Tippett (A) Child of Our Time

Tippett’s lovingly crafted version of his masterpiece deserves its special place

Record and Artist Details

Composer or Director: Michael Tippett

Genre:

Vocal

Label: Naxos

Media Format: CD or Download

Media Runtime: 70

Mastering:

Stereo
DDD

Catalogue Number: 8 557570

Tracks:

Composition Artist Credit
(A) Child of Our Time Michael Tippett, Composer
City of Birmingham Symphony Orchestra
City of Birmingham Symphony Orchestra Chorus
Faye Robinson, Soprano
John Cheek, Bass
Jon Garrison, Tenor
Michael Tippett, Conductor
Michael Tippett, Composer
Sarah Walker, Mezzo soprano
The centenary of Sir Michael Tippett’s birth has seen a fair amount of critical agonising about whether he is, any longer, a composer for our time, or whether the long Indian summer he enjoyed before his death at the age of 93 simply served to conceal the fact that his time had already gone.

It’s difficult to find much substance in that viewpoint when confronted with a work, first performed in 1944, which seems to have more in common with John Adams’s much-admired El Niño of 2000 than with Belshazzar’s Feast, or even with the War Requiem.

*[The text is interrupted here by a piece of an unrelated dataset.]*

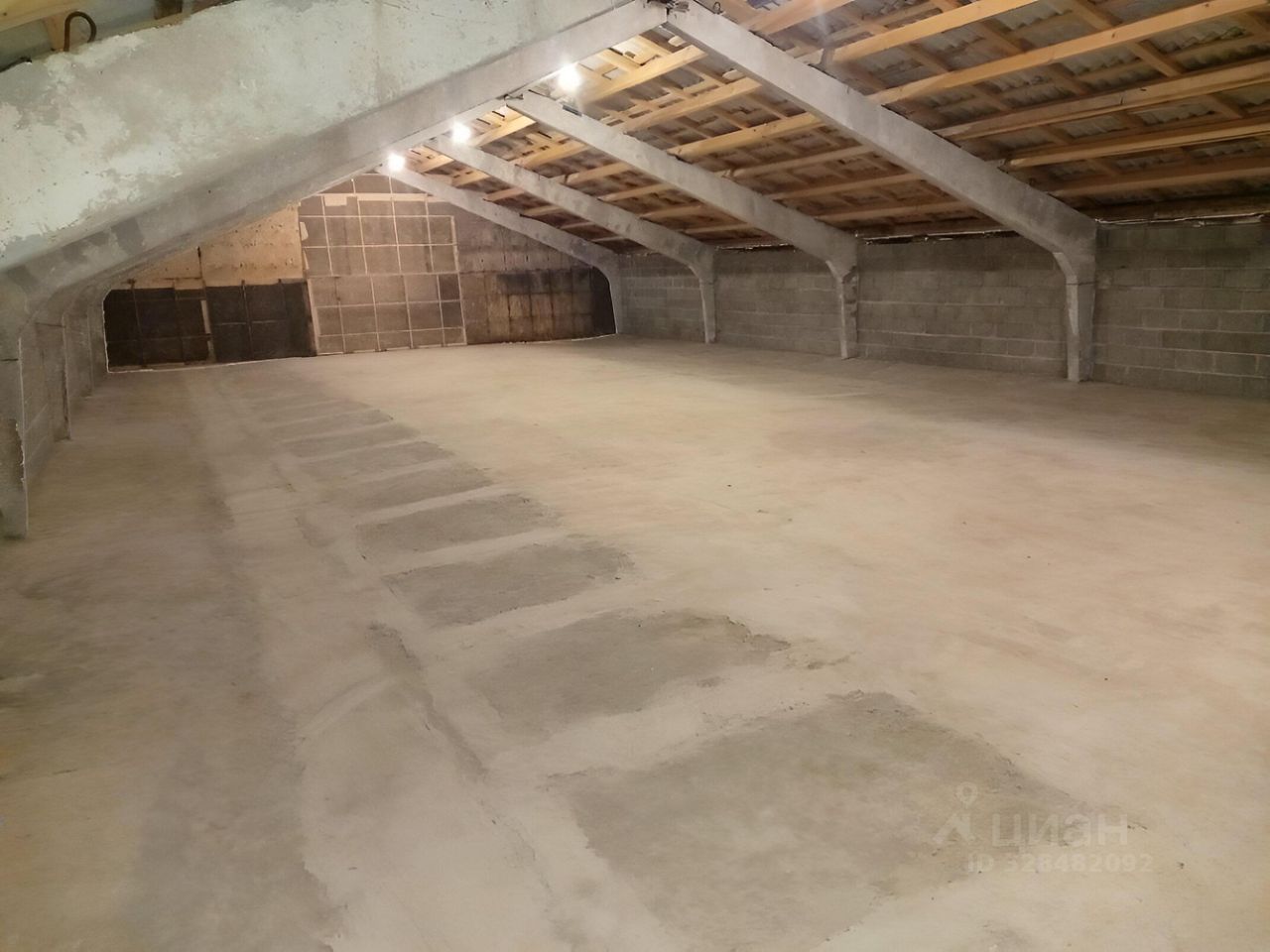 Площадь помещения 250 м2 (24 м х 10,4 м), высота потолка от 2,4 до 4,1 м.

The starkness of the confrontations in A Child of our Time between politics and psychology, between a high-art style rooted in Bach and a more popular, folk-tinged manner (the tango, Negro Spirituals), remains vivid, as does the sense of a composer doggedly carving out a viably personal idiom while not shirking matters of burning social and spiritual relevance. Maybe the focus wavers in places but the accumulated dramatic power, and its double release, first in a magical vision of spring, then in a more anxious, uncertain cry for peace and reconciliation, is not something that a bumbling amateur could have brought off.

Tippett was 87 when this recording was made, and neither its rhythmic momentum nor its textural clarity are ideal. The sound balance seems decorously recessed when it needs to be urgently immediate, and there is a general lack of definition, especially in the orchestra. Like others before him, John Cheek sounds overly neutral in the rather laconic bass recitatives, but the soloists together make a strong team, especially in the final ensemble. Other accounts, under Sir John Pritchard, Sir Colin Davis or Richard Hickox, are all safer overall recommendations. But the composer’s own lovingly crafted reading as a special place in the discography of this still-modern masterpiece.